HMRC has been pursuing Worcester, who had been suspended from all tournaments, for almost £6 million in unpaid tax.

Judge Nicholas Briggs ordered that WRFC Players Ltd, the company that pays the players and staff, be wound up.

The filing of a winding-up petition against WRFC Trading Limited, which is still in administration, has been halted.

The four players who were loaned to Bath on Monday, as well as the rest of the squad, are now free agents and can join with any club.

Scotland and British & Irish Lions winger Duhan van der Merwe has signed for a new club after rejoining Edinburgh.

The Warriors had no representation in court.

The joint hearing for both companies, held at the Royal Courts of Justice in London, was relayed online as a result of the train strike.

“This is the darkest day for English rugby,” said Warriors director of rugby Steve Diamond. “It’s ended up like the Titanic, sadly. The ship has sunk, the captains are nowhere to be seen.”

All WRFC Players Ltd debts, including the estimated £6 million owed to HMRC, remain unpaid.

The club also owes a reported £15m, considered to be the highest portion, as part of a total £124m loaned out to Premiership clubs by the Department for Culture, Media, and Sport as sports survival payments during the height of the Covid pandemic.

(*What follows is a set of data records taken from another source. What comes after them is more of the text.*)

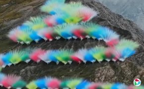 据九派新闻早前报道,始祖鸟星期五联手蔡国强在喜马拉雅山放烟火。现场视频显示,蔡国强通过火药爆破在山脊点燃三幕烟花,形成“升龙”动态景观。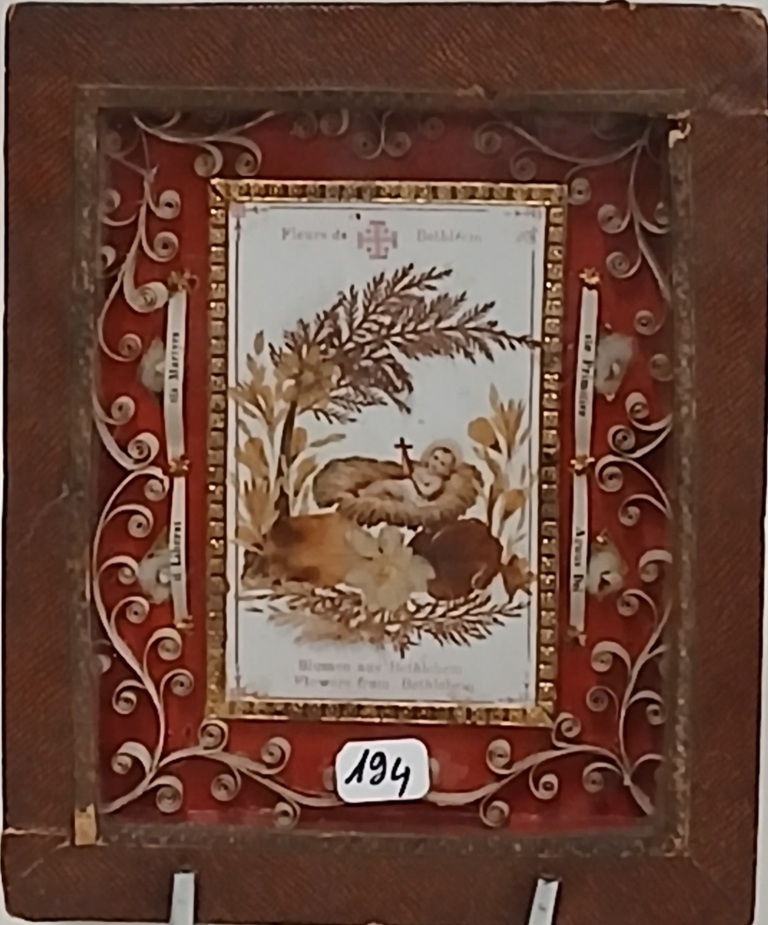 221 Fauteuil d'enfant provençal en bois. Assise en tapisserie au petit point. XIXe siècle. H. 73 L. 46 P. 38 cm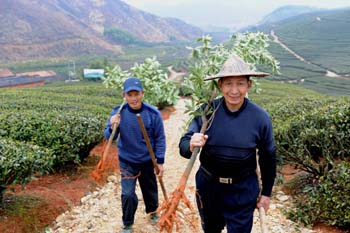 福建省建甌市東游鎮黨口村農民在茶山種樹!∮浾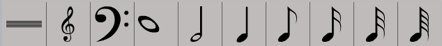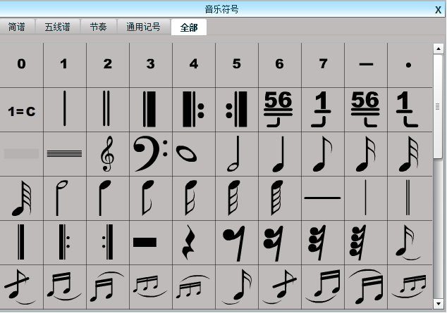 单击“音乐符号”按钮出现如下图所示的浮动框,点击分类名称对应标识,可看到此分类下的各种音乐符号。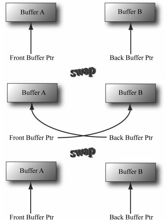 이러한 현상을 피하고자 사용하는 방법이 2개의 프레임 버퍼를 이용하는것이다. 각각의 프레임 버퍼는 각 화면 바깥의 텍스처인 후면 버퍼(Back Buffer)와 전면 버퍼(Front Buffer)을 뜻한다. 전면버퍼를 이용해 현재 화면을 표현하면서, 다음 화면이 될 장면을 후면 버퍼에 미리 저장해놓은후 다음프레임으로 넘어가야 할 경우에 버퍼만 교환한다면 사용자는 깔끔한 화면을 볼 수 있게 된다. 이러한 기법을 더블 버퍼링(Double Buffering)이라고 부른다.
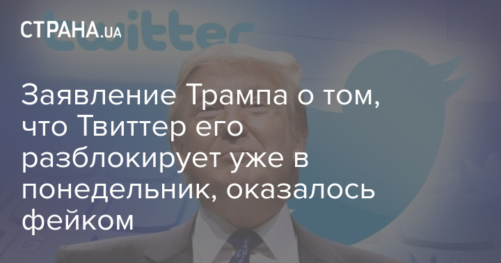Заявление экс-президента США Дональда Трампа о том, что Twitter его разблокирует уже в понедельник, после покупки соцсети Илоном Маском оказалось фейком.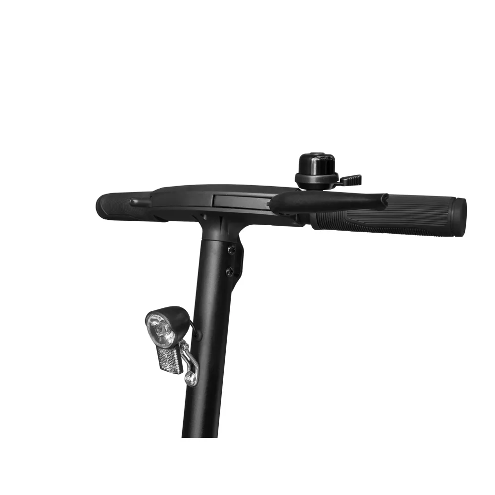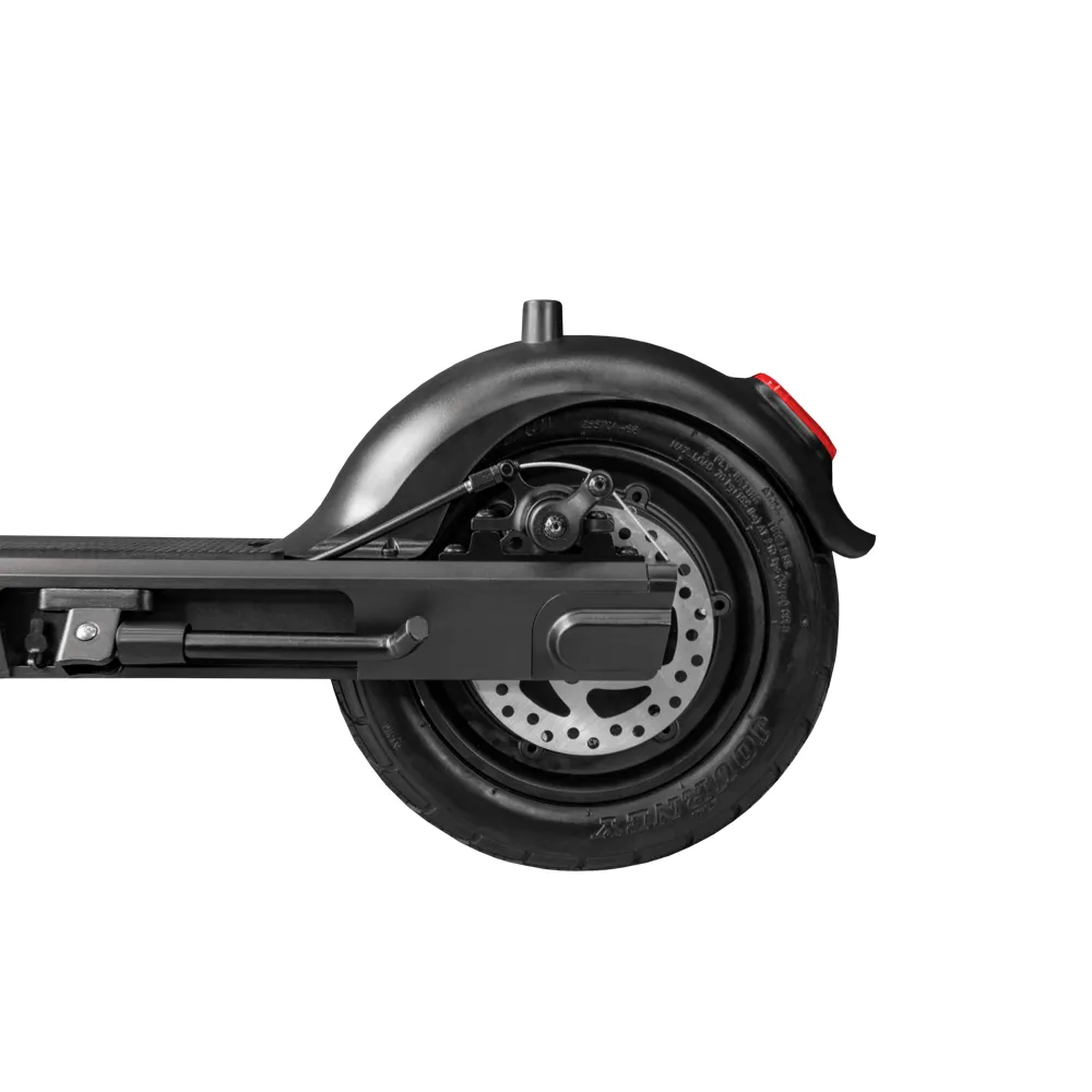 На модели установлены целых два типа тормозных систем: электронный для заднего колеса и дисковый механический для переднего. Тросы и провода спрятаны в рулевой колонке, что сведёт к минимуму риск повредить их. Для ночных поездок у самоката имеются задние ходовые огни, а спереди светодиодный фонарь с возможностью изменения яркости и настройки угла освещения.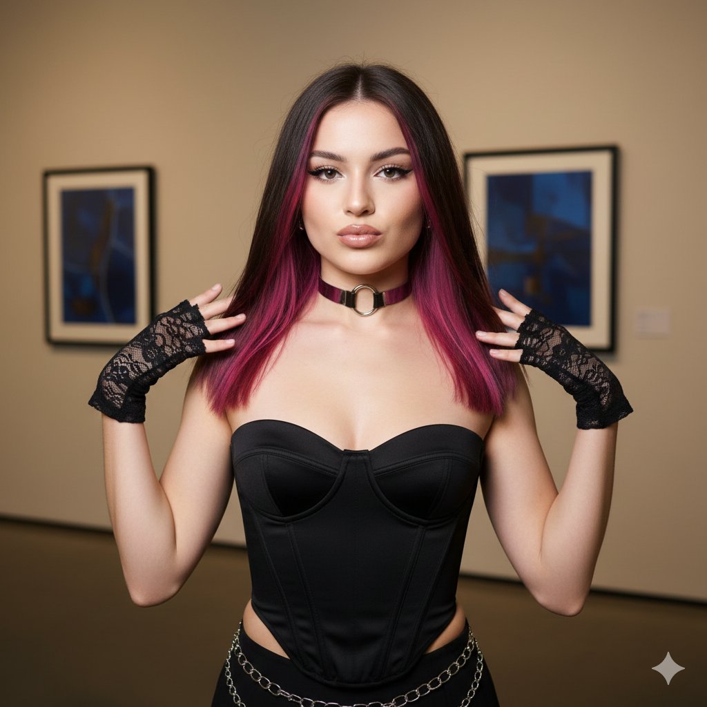 { "prompt_structure": { "subject": { "demographics": "Young woman, light skin tone", "hair": "Straight dark brown hair with electric fuchsia face - framing highlights", "expression": "Relaxed pout with confident eyes", "pose": "Standing facing forward, hands lifting hair outward near shoulders" }, "outfit": { "top": "Black corset - style strapless top with structured boning", "accessories": [ "Black lace fingerless gloves", "Chrome choker necklace", "Silver hip chain" ] }, "makeup": { "eyes": "Defined lashes, bold eyeliner", "lips": "High - shine nude - pink gloss" }, "environment": { "location": "Indoor exhibition space", "background": "Beige wall with framed dark - blue artwork" }, "lighting_and_style": { "aesthetic": "2000s digital cam, influencer flash aesthetic", "lighting": "Direct flash with reflective highlights", "quality": "Clean focus, candid snapshot realism" } } }{ "prompt_structure": { "subject": { "demographics": "年轻女性,浅肤色", "hair": "直的深棕色头发,带有电光 {argument name=\"highlight color\" default=\"fuchsia\"} 脸部修饰挑染", "expression": "放松的嘟嘴,自信的眼神", "pose": "正面站立,双手向外抬起头发至肩膀附近" }, "outfit": { "top": "黑色束身胸衣式无肩带上衣,带结构性鱼骨", "accessories": [ "黑色蕾丝无指手套", "镀铬项圈", "银色腰链" ] }, "makeup": { "eyes": "清晰的睫毛,大胆的眼线", "lips": "高光裸粉色唇彩" }, "environment": { "location": "室内展览空间", "background": "米色墙壁,挂有带框的深蓝色艺术品" }, "lighting_and_style": { "aesthetic": "2000 年代数码相机,网红闪光灯美学", "lighting": "直射闪光灯,带反射高光", "quality": "清晰对焦,抓拍写实感" } } }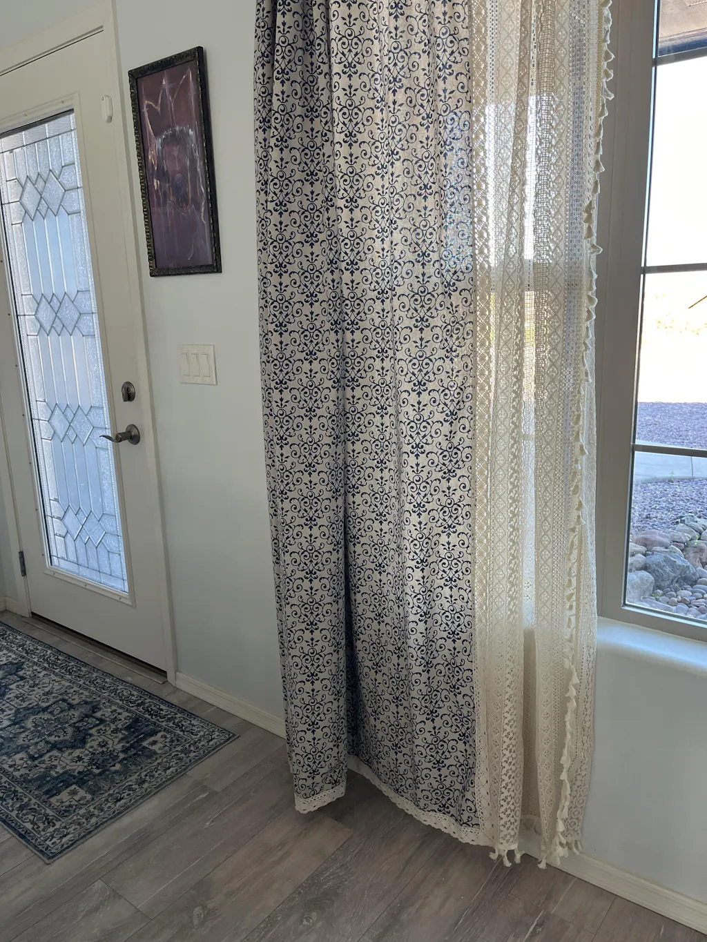 Beautiful. Material lets minimal light through and is great for privacy BUT it will not completely darken the room like a black out curtain. Love the Beige lace detail. Very happy with my purchase.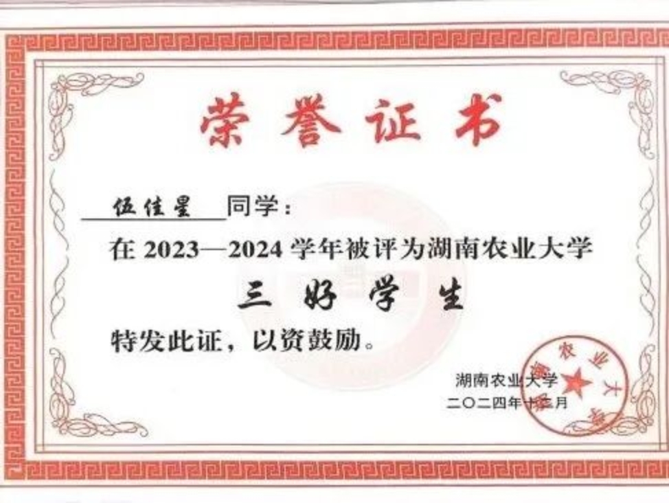 伍佳星从入学以来,遵守校规校纪,尊敬师长,团结同学,在班级中主动发挥模范带头作用,多次参与公司组织的志愿服务活动(如全民健身挑战日、守护浏阳河堤等),2024年暑假在长沙县三中学担任体育实习教师,负责初三员工体育特长生训练,教学认真、组织有序。2025年寒假参加老员工返家乡社会实践,在安沙镇政府民生事务办担任实习生,服务于基层,参加春节慰问,寒假一小时阅读志愿活动以及看望敬老院的老人等等组织活动,荣获“优秀实习生”,践行“奉献、友爱、互助、进步”的志愿精神。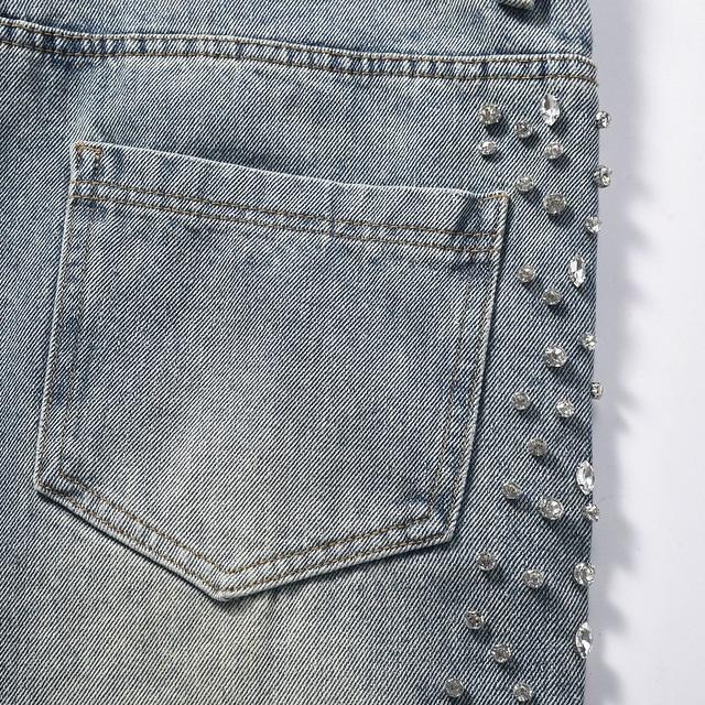Embellished Y2K for Leather Jacket Rhinestone Side Seam for Canvas Plus Size Loose Straight Leg Light Wash Waterproof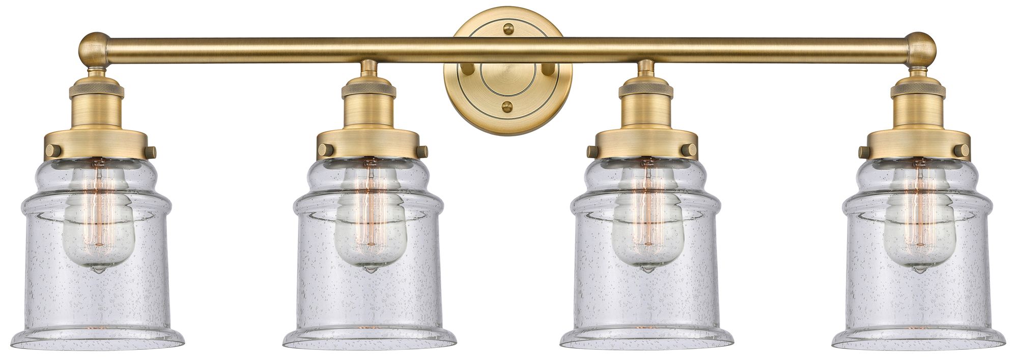 Canton 33" Wide 4 Light Brushed Brass Bath Vanity Light With Seedy Sha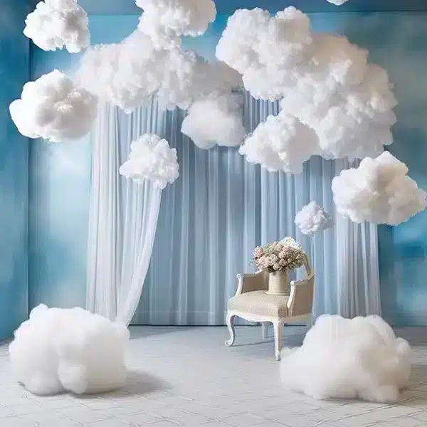 خلفية A-177 من Allmaie Studio تجسد الرومانسية والفخامة. مطبوعة على الفينيل ممتاز الجودة. ستائر زرقاء فاتحة وناعمة. غيوم بيضاء كثيفة حالمة وسحرية. كرسي كلاسيكي أنيق يجلس بفخامة. باقة ورود جميلة ملونة.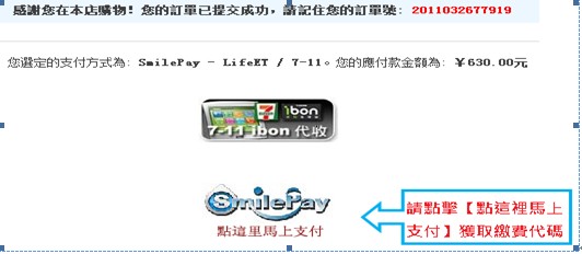 十一、提交訂單後,會出現一個繳費代碼以及訂單號碼,請點選【點這裡馬上支付】獲取繳費代碼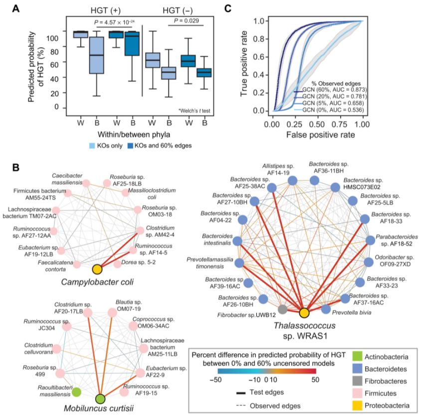 鉴于这种性能,研究人员检查了测试数据中的稀有边缘(23,545 个边缘中的 46 个,或 0.2%),这些边缘实现了 ARG-HGT 的高预测概率(超过 0.9),但没有检测到转移。这些边缘几乎是厚壁菌门、拟杆菌门和放线菌门的人类相关肠道和口腔微生物组成员所独有的;涉及几种病原体;并且不同于随机排列的 HGT 负边缘样本。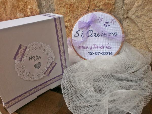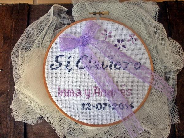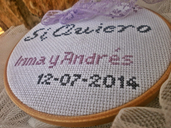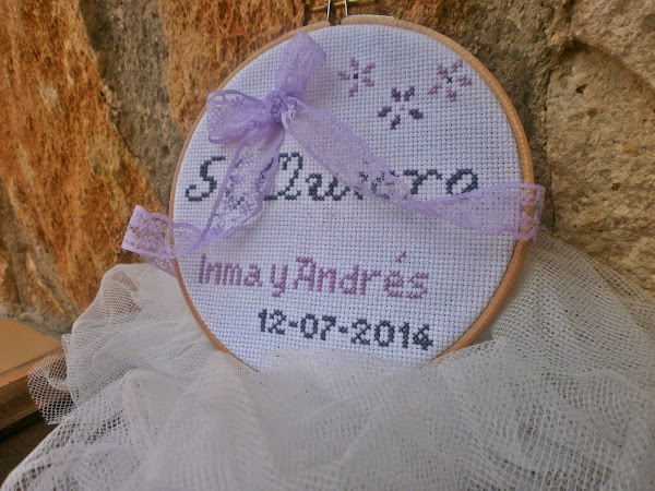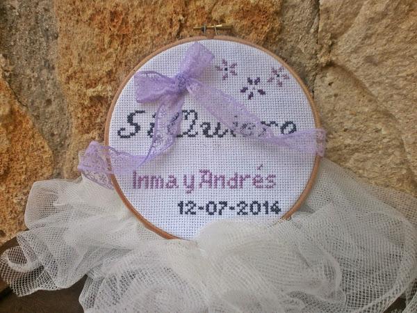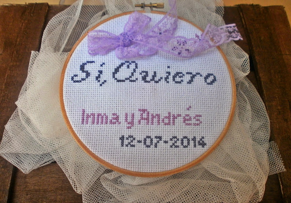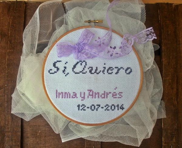 Ya hace un tiempo Marieta en su blog hizo un sorteo de un bastidor porta alianzas confeccionado en punto de cruz y quedé prendada de él, me gustó la dulzura del diseño, lo bien terminado que se veía, y para mí me dije: a ver cuando tengo unos novios que quieran llevar sus alianzas en un bastidor; y llegaron Inma y Andrés y nada más decirme que querían un bastidor supe que Marieta iba a ser la encargada de prepararlo.
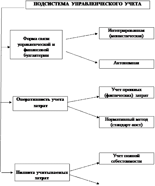 ![]() 1 – производственный учет 2 – финансовый учет для внутреннего пользования 3 – финансовый учет в узком смысле для внешних пользователей 4 – налоговые расчеты на базе финансового учета (налоговый учет). Выделяют два подхода к пониманию сущности термина «управленческий учет». 1. связан с managementaccounting, второй – с европейским «контроллинг» (Германия). В соответствии с первым термином основной задачей любой учетной деятельности является обеспечение управленческого персонала предприятия своевременной и полной информацией для принятия управленческих решений. Это означает, что деятельность по учету неразрывно связана с управлением предприятием в целом и отдельными его частями. Поэтому managementaccounting может быть переведен как организация учета, исходя из потребностей управления. При таком подходе управленческий учет – не только система сбора и анализа информации об издержках предприятия, но и система бюджетирования, система оценки деятельности подразделений. В целом, это в большей степени управленческие, чем бухгалтерские технологии. 2. понятием «управленческий учет» рассматривается, как система сбора и интерпретации информации о затратах, издержках и себестоимости продукции, т.е. это расширенная система организации учета для целей контроля за деятельностью предприятия. В узком смысле под управленческим учетом можно понимать учет и контроль затрат и доходов, связанных с деятельностью предприятия. В российской практике чаще управленческий учет рассматривается в широком смысле (в соответствии с термином managementaccounting) как система, которая в рамках одной организации обеспечивает управленческий персонал информацией, используемой для планирования, управления и контроля за деятельностью организации. Предметом управленческого учета является производственная деятельность организации в целом и его отдельных структурных подразделений Объектами управленческого учета являются издержки предприятия и его отдельных структурных подразделений – центров ответственности; результаты хозяйственной деятельности всего предприятия и центров ответственности; внутреннее ценообразование; бюджетирование и внутренняя отчетность. Различные сочетания экономических, юридических, организационных и технико-технологических факторов определяют разнообразие форм организации управленческого учета.

The ground and the club are owned by WRFC Trading Ltd, which went bankrupt on Monday, becoming the first to do so since Richmond in 1999.

Much of the surrounding acreage is now owned by other enterprises co-owned by Jason Whittingham and Colin Goldring.

Begbies Traynor, the administrators appointed to handle the club’s WRFC Trading Ltd wing, will continue to handle that phase of the process.

However, all contracts for players, backroom staff, administrative personnel, and the women’s squad that play under the University of Worcester Warriors brand have been effectively cancelled.

Some employees are still due 35% of their August salary, while others were not paid at all, and no one was paid in September.